Age-old money matters: Positivity in older adults leads to balanced investments

Jul 10, 2008

The economic and psychological term known as "sunk-cost fallacy" is a bias that leads someone to make a decision based solely on a previous financial investment. For example, a baseball fan might attend every game of the season only because he already purchased the tickets. But not everyone would force themselves to brave the pouring rain for a single game in one season simply because they previously paid for the seats.

So who is more likely to commit or avoid the sunk-cost fallacy and why? In a recent study, psychologists JoNell Strough, Clare Mehta, Joseph McFall and Kelly Schuller from West Virginia University found that younger adults were more likely to commit to a situation if they had already invested money into it, and that older adults showed a more balanced fiscal perspective of the same situation.

To get to this conclusion, the researchers presented college students and senior citizens with two vignettes to test how likely each age group would be to watch a boring, paid-for movie versus a boring, free movie.

The first vignette specifically read, "You paid $10.95 to see a movie on pay TV. After five minutes, you are bored and the movie seems pretty bad"; the other vignette did not include a cost. Participants then selected from five options regarding their projected time commitment—stop watching entirely, watch for ten more minutes, watch for twenty more minutes, watch for thirty more minutes or watch until the end.

The results, which appear in the July issue of Psychological Science, a publication of the Association for Psychological Science, show the older adults spent the same amount of time watching the movie regardless of monetary investment. In contrast, the young adults chose to invest more time in the paid-for movie than the free movie in order to avoid wasting $10.95. The psychologists attribute the distinction between younger and older peoples' decisions to differences in the way each group thinks about gains versus losses.

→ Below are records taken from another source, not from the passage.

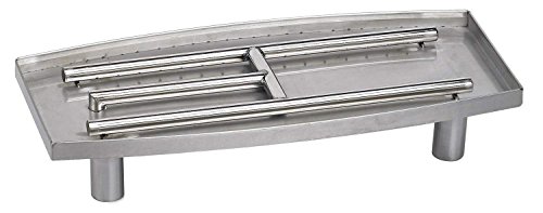 The 22 inch Oval Fireplace Pan Burner from American Fireglass offers a high quality gas burner for use as an indoor gas fire feature. The high quality 304 stainless steel construction ensures a long lasting and durable product that will withstand the heat of the burner while the tray design is perfect for holding the right amount of fire glass to create the ultimate contemporary fireplace look. The beautiful stainless steel finish offers an elegant finish to stand out as a unique fire feature while the burner itself is rated for 125,000 BTU to provide a bright and beautiful flame. The included automatic safety valve includes an On/Off remote control and features a pilot assembly that needs to be lit manually and will run continuously to provide an improved ignition process and the thermocouple monitors the flame presence and will automatically close the gas valve if no flames are present. This burner kit is designed for natural gas and includes the necessary components to install the burner with the safety pilot valve, as well as a damper to ensure this unit is vented properly.Indoor gas fireplace burner and pan for vented fireplace
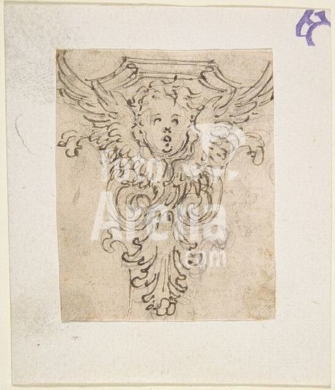 alb3606039 Design for a Console or Capital with a Cherub. Artist: Giovanni Battista Foggini (Italian, Florence 1652-1725 Florence). Dimensions: sheet: 2 7/16 x 1 15/16 in. (6.2 x 5 cm). Date: 1652-1725. Museum: Metropolitan Museum of Art, New York, USA.
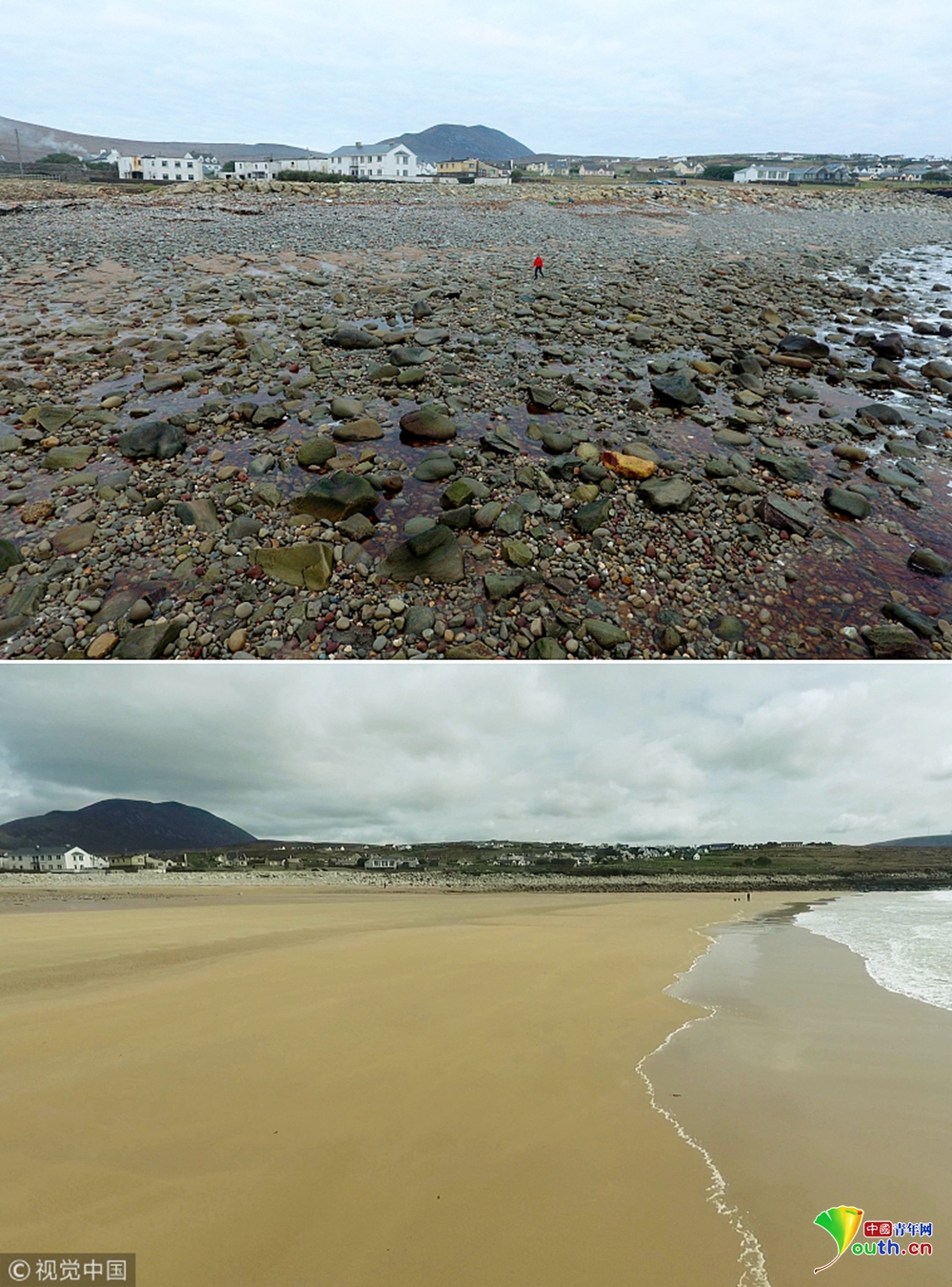 中國(guó)青年網(wǎng)2019年1月15日訊(具體拍攝時(shí)間不詳),愛爾蘭阿基爾島,Dooagh地帶的黃金海灘在1984年的一場(chǎng)暴風(fēng)雨后神秘消失,但在2017年4月,消失了33年的海灘又奇跡般地重現(xiàn)。
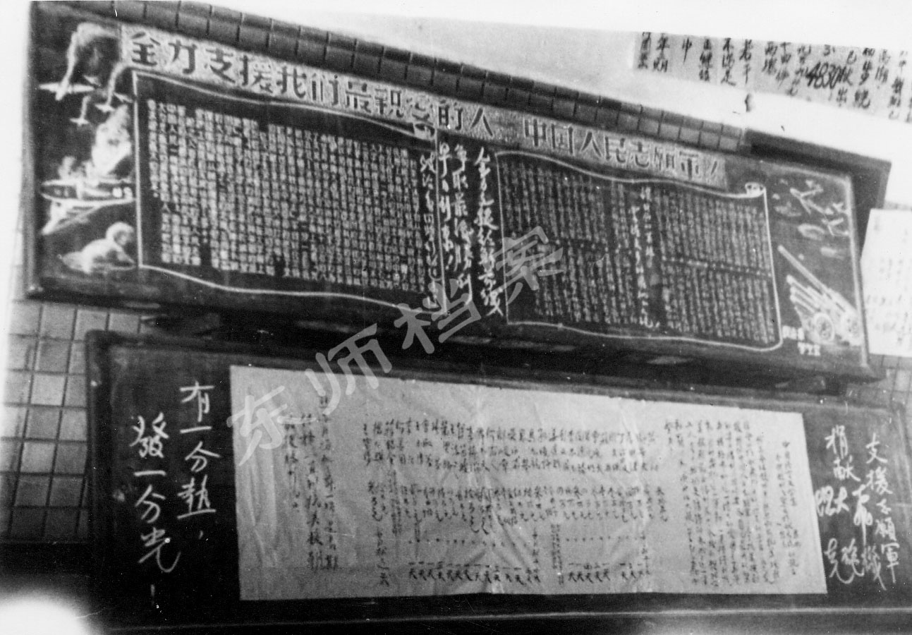 东北是抗美援朝后方补给和战勤保障的重要基地。在我校党委和保卫世界和平反对美国侵略支会的组织领导下,抗美援朝期间,我校师生不仅踊跃参军参战,而且全力打造后方生命补给线,为夺取抗美援朝战争的胜利贡献了东师力量。

"Younger adults show a negativity bias," Strough explained. "They weigh negative information, such as the lost investment, more heavily than positive information and so they try to 'recover' the lost investment by investing more time."

On the other hand, older adults are more likely to view the positive side of situations; therefore, their decisions reflect a more balanced view of gains and losses. According to the psychologists, older adults' more balanced view may help them recognize that, once made, this type of investment cannot be recovered simply by committing more time to the activity.